◆ Recorded data
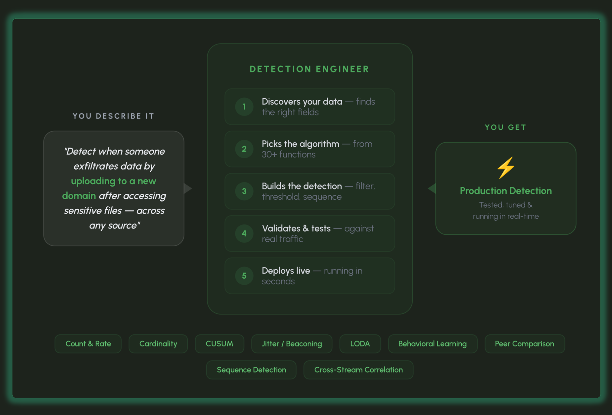 Build production-grade detections in plain English. No YAML. No math degree. No manual tuning.
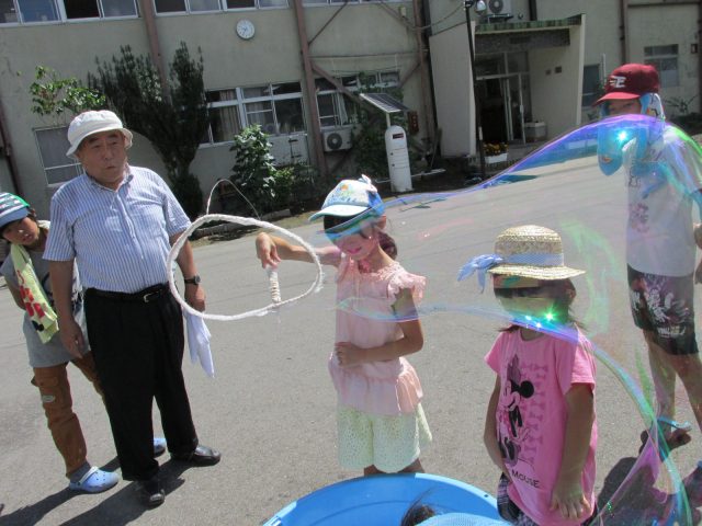 これもシャボン玉? 2025年4月25日2017年8月3日 会津も梅雨明けした2日、さわやかな暑さの中で、シャボン玉遊びをしました。いつもすてきなマジックを見せていただく渡部先生が来てくださいました。 と~っても大きなシャボン玉、へんてこなシャボン玉、たくさんのシャボン玉で遊びました。
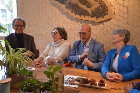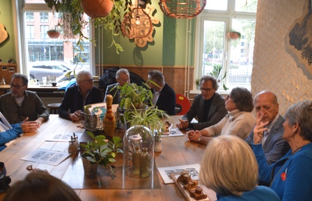 Feestelijke afsluiting in CoffeeLab op de hoek Stationsweg -Koninginnelaan. Rechts naast Ton Rombouts het Haagse echtpaar Marius Schoon en Cornelia Peters en uiterst rechts de voorzitter van de stichting Gastvrij 's-Hertogenbosch Ans Buijs. Foto hieronder: Achter de tafel zitten vlnr. Ben van Herpen en Joop Thissen, die voor de start van de gratis busjes met Pasen 2017 een haalbaarheidonderzoek hadden verricht. Dan oud wethouder Paul Kagie en ook achter de plant Wim vand der Steen van hotel Mövenpick. foto's © paul kriele, 12 oktober 2019. |
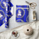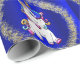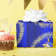 Ein Einhornverpackungspapier mit einem niedlichen Regenbogenmuster verziert die Ohren und sitzt in einem goldenen Kreis aus Glitzer, das ganze Set vor einem hübschen königsblauen Hintergrund. Dieses Verpackungspapier wäre eine ideale Verpackung für ein Party mit einem unverwechselbarem Motiv, ein Einhorn-Srapbook oder nur für die Dekoration eines kleinen Mädchenzimmers. Den Möglichkeiten sind keine Grenzen gesetzt!
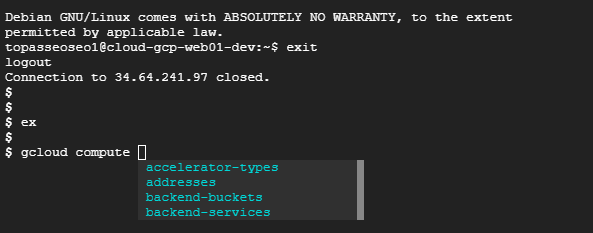 gcloud compute ssh cloud-gcp-web01-dev --zone $ZONE

◆ Your objective
When copying the records above, please match them exactly but leave out all pictures.

◆ Answer to this task
 Build production-grade detections in plain English. No YAML. No math degree. No manual tuning.
 これもシャボン玉? 2025年4月25日2017年8月3日 会津も梅雨明けした2日、さわやかな暑さの中で、シャボン玉遊びをしました。いつもすてきなマジックを見せていただく渡部先生が来てくださいました。 と~っても大きなシャボン玉、へんてこなシャボン玉、たくさんのシャボン玉で遊びました。
 Feestelijke afsluiting in CoffeeLab op de hoek Stationsweg -Koninginnelaan. Rechts naast Ton Rombouts het Haagse echtpaar Marius Schoon en Cornelia Peters en uiterst rechts de voorzitter van de stichting Gastvrij 's-Hertogenbosch Ans Buijs. Foto hieronder: Achter de tafel zitten vlnr. Ben van Herpen en Joop Thissen, die voor de start van de gratis busjes met Pasen 2017 een haalbaarheidonderzoek hadden verricht. Dan oud wethouder Paul Kagie en ook achter de plant Wim vand der Steen van hotel Mövenpick. foto's © paul kriele, 12 oktober 2019. |
 Ein Einhornverpackungspapier mit einem niedlichen Regenbogenmuster verziert die Ohren und sitzt in einem goldenen Kreis aus Glitzer, das ganze Set vor einem hübschen königsblauen Hintergrund. Dieses Verpackungspapier wäre eine ideale Verpackung für ein Party mit einem unverwechselbarem Motiv, ein Einhorn-Srapbook oder nur für die Dekoration eines kleinen Mädchenzimmers. Den Möglichkeiten sind keine Grenzen gesetzt!
 gcloud compute ssh cloud-gcp-web01-dev --zone $ZONE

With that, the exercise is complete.